Ai Companies At Risk Due To Large Investments


This success attracted numerous investors eager to capitalize on the potential returns once AI goals are met. Thus, the AI investment era began, with companies like Microsoft betting on ChatGPT, followed by various investment funds. Entrepreneurs also saw this as an opportunity to present their AI models and businesses.


However, as the excitement settled, Barclays Bank made a surprising statement that AI might not be the smartest investment in 2024.


High Depreciation Costs in  Ai Companies


Barclays issued a report detailing its outlook for AI companies over the next two years. The bank noted that depreciation and wear on AI equipment are higher than usual, which rapidly eats into profits, ultimately lowering net returns from AI investments.


Barclays' analysis focused on the cost of acquiring AI chips and building AI servers, which are currently very high. These costs must be spread over the expected lifespan of AI equipment, a standard practice across industries. However, AI hardware tends to have a shorter lifespan than other corporate assets. This means that no matter how significant the investment in AI infrastructure, the depreciation must be accounted for over a shorter period, possibly just one to two years, before companies need to purchase new chips to continue operating AI technologies.


Ross Sandler, an internet companies analyst at Barclays, mentioned that some AI companies are trying to extend the useful life of their servers to five or six years in order to reduce depreciation rates, thus increasing profits. However, this could prove difficult given NVIDIA's aggressive pace in releasing new AI chips.


A New AI Chip Every Year


Ted Mortenson, CEO and technical strategist at Bird, a firm specializing in investment fund management, explained that NVIDIA's rapid development cycle for new chips makes it challenging for companies to slow depreciation. Mortenson described NVIDIA's approach as a headwind against attempts to boost profits for companies investing in AI.


NVIDIA seems to be following a similar model to its graphics card business, planning to release a new AI chip every year. Each new chip would offer greater performance, creating a new standard that forces companies to upgrade to the latest generation.
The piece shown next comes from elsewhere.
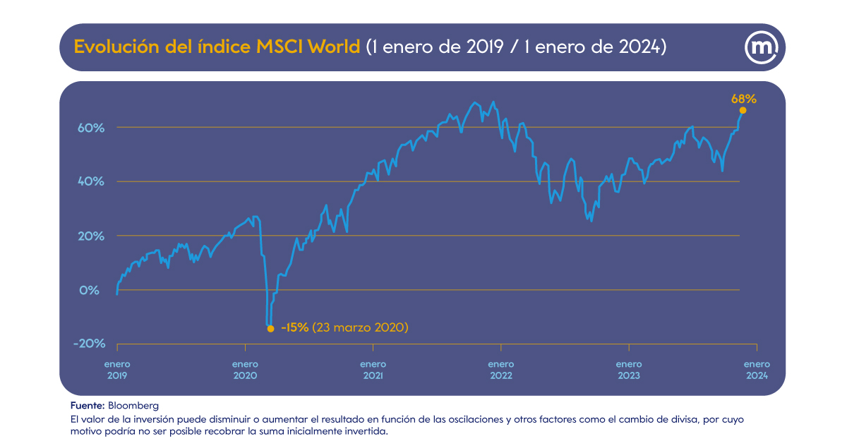 En cambio, si aplicamos una visión de más largo plazo, y observamos un periodo completo de cinco años —entre el 1 de enero de 2019 y la misma fecha de 2024—, el índice MSCI World se revalorizó un 68%.

Barclays predicts increasing depreciation costs, pointing to Alphabet, the parent company of Google, which currently faces $22.6 billion in resource depreciation. This figure is expected to rise to $28 billion by 2026, a 24% increase. Similarly, Meta’s depreciation is projected to hit $30.8 billion compared to $21 billion today, marking a 47% rise.


Sandler emphasized that this trend is affecting all tech companies involved in AI, regardless of their size.
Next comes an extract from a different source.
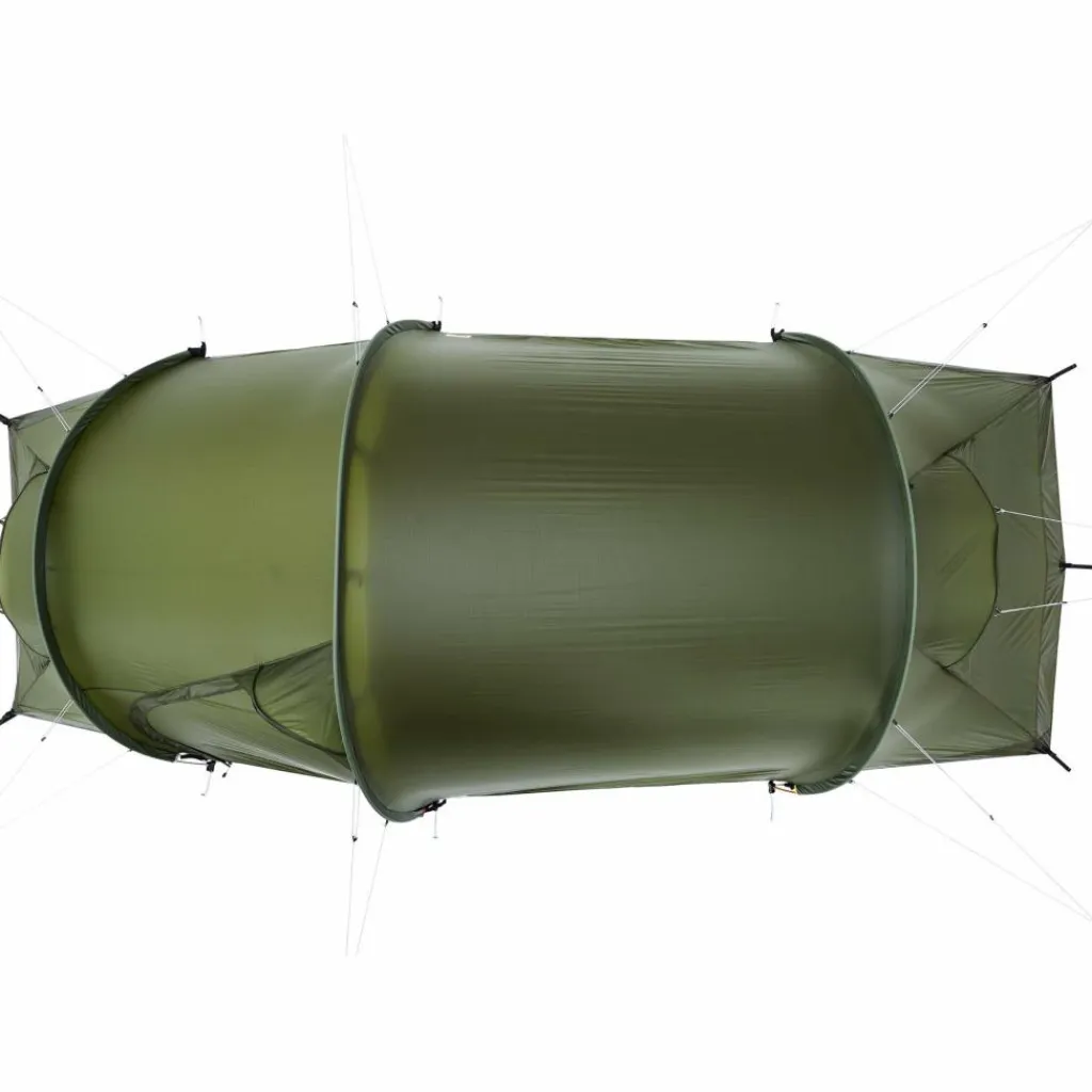 Gewichtsoptimiertes Tunnelzelt für 2-3 Personen und den Ganzjahreseinsatz. Geräumige Apsis für Rucksäcke, Schuhe und andere Ausrüstung. Durch das geringe Gewicht ist es auch zum Wandern gut geeignet.

Ai Companies At Risk Due To Large Investments
Some AI companies are trying to extend the useful lifespan of their servers significantly to 5 or 6 years.
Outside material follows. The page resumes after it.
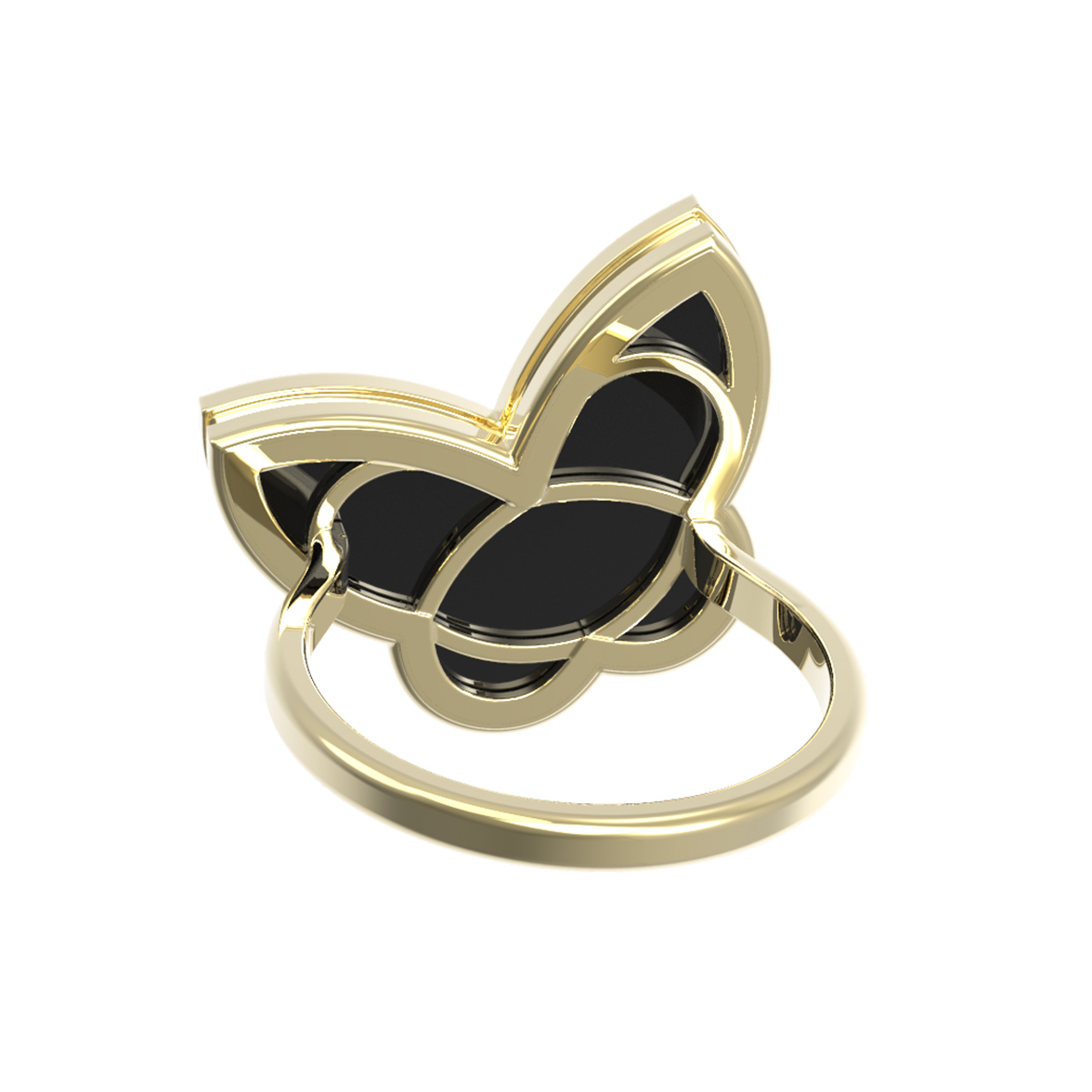 Элегантное кольцо из лимонного золота 585 пробы станет изысканным акцентом вашего образа. Дизайн изделия вдохновлен природными мотивами и выполнен в форме узнаваемого клевера, который придает украшению особую символичность и неповторимый шарм. Глубокий, насыщенный черный цвет оникса эффектно контрастирует с благородным сиянием лимонного металла, создавая гармоничное и притягательное сочетание. В центре композиции расположена одна вставка из оникса, подчеркивающая статусность и безупречный вкус владельца.

Where’s the Return on Investment?


Mortenson believes the real question companies must address isn’t about the costs of AI technologies or their implementation, but rather about the return on investment (ROI). He questioned the fate of Wall Street's $200 billion-plus investments in AI and the expected ROI.


He noted that it is still too early to expect significant profits from AI technologies, predicting that returns might begin to materialize by 2026. The question is: Can companies survive until then?


If the ROI for AI technologies turns out to be high, then concerns about high investment and depreciation costs will disappear, making AI a worthy investment.


Another issue is the relationship between tech giants and NVIDIA. NVIDIA continues to profit by raising the costs for other companies. Each time it introduces a more powerful chip generation, it forces companies to upgrade and incur additional costs.


While this strategy works with consumer graphics cards, it could frustrate major corporations and potentially attract regulatory attention. The question remains: Will NVIDIA maintain this "toxic" relationship, or will it develop a new approach to address corporate concerns and reduce their losses?